The responses to the financial crisis have been defended as saving our economy, protecting everyone. The reality is otherwise. A massive housing bubble burst, reducing household wealth by more than $6.5 trillion with resulting losses in mortgage-related assets. The actions of 2008 and since have largely been a struggle over who will bear those losses.

Our society is poorer than we had believed because we over-invested in something—housing—whose value dropped in our eyes.

With the subjective devaluation of housing came a drop in spending. When wealth falls, consumption follows. But after an initial sharp decline, consumer spending has recovered to its trend. We’re about $300 billion behind where we would have been without the initial drop. This $300 billion is approximately what one would expect households to spend out of about $6 trillion in home equity, which was lost. So the reduction in consumer spending is not the result of a drop in aggregate demand, but almost exclusively the result of a reduction in household wealth.
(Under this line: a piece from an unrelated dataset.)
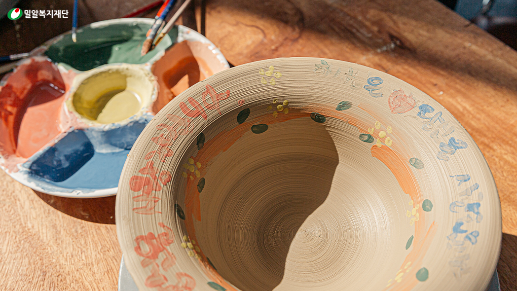 도자기 그릇을 일정 시간 동안 햇빛에 말린 후, 그릇에 그림을 그려보는 시간을 가졌습니다. 시청각장애인들은 활동지원사의 안내에 따라 알록달록한 물감으로 천천히 그림도 그리고, 글씨도 적어보았습니다.

Mike Konczal correctly identifies this decline in spending as a result of declining wealth, but he erroneously believes that spending can be increased by “repairing” household balance sheets via forced debt forgiveness. While that might increase the spending of some households, it would decrease the spending of others, leaving overall spending at-best unchanged. Advocates of debt forgiveness forget that net debt in society is always zero. One person’s liability is an asset on the balance sheet of another. Do Konczal and other debt-forgiveness advocates believe society would be wealthier if the U.S. government defaulted on its debt?

Although some in the debt-forgiveness camp implicitly recognize that they are advocating a transfer of wealth, they deem such a transfer just. They may argue that debtors have been cheated or that creditors have rigged the political system. Setting aside the fact that any borrower who has been defrauded has redress to the courts, the political system itself is extremely debtor-friendly. The consumer credit revolution of the late 1960s and ’70s brought legislation, such as the Truth in Lending Act, which established methods for borrowers to achieve debt relief. Recent years have illustrated the extent to which the foreclosure process favors borrowers. Data from earlier this year showed that payments on more than 70 percent of mortgages in foreclosure had not been made for more than twelve months. And many states, such as California, limit the lender’s collection to the value of the house while it’s in foreclosure. In most of Europe, by contrast, borrowers would see their wages garnished to satisfy a mortgage default. Under no definition can our foreclosure process be described as favoring the lender.

Picking winners and losers is bad for society.

Lenders may be seen as undeserving, either because they received government assistance or are blamed for the crisis. But the truth is that mortgages are ultimately held less by lenders than by investors. As we witnessed in the auto bailouts, the investors taking the hit are often pension funds representing public employees, such as teachers and firefighters. In fact one of the largest investors in the United States represents the pension assets of California public employees. It’s hard to argue that middle-class and sometimes upper-class defaulting homeowners are more deserving than retired teachers.

Forced debt forgiveness also ignores that markets adjust and price these political risks in the cost of borrowing. In states where lenders cannot collect from a defaulted borrower’s non-housing assets or income, lenders charge higher rates. Attempts to rewrite contracts via politics will see offsetting changes in the terms of future contracts. To the extent that these new terms are inefficient and mutually beneficial transactions become harder to achieve, social welfare will be reduced.

To suggest that damaged household balance sheets are holding back spending misses the obvious fact that consumers are spending. While household spending rates have been higher, they are currently above their low point during the bust. Household savings rates, as a percentage of income, are also considerably below levels witnessed during the supposedly golden economic years of the Clinton administration. The question isn’t why families are saving so much, but why they are saving so little.

Ultimately there are two models in our society for social cooperation, one based upon voluntary consent, particularly in the realm of contracts, and one based upon coercion and theft. Using government to transfer wealth from citizens A to citizens B may make B feel wealthier. Citizens B might spend more. But just as likely is that A will spend less. As important, A might invest less. Some will be tempted to replace A and B with groups they either like or dislike, trying to distract us from the fact that rather than a society that practices equality before the law, we have a society that picks winners and losers based upon their political influence. In such a society, resources will be invested evermore in the transfer of wealth rather than in its creation.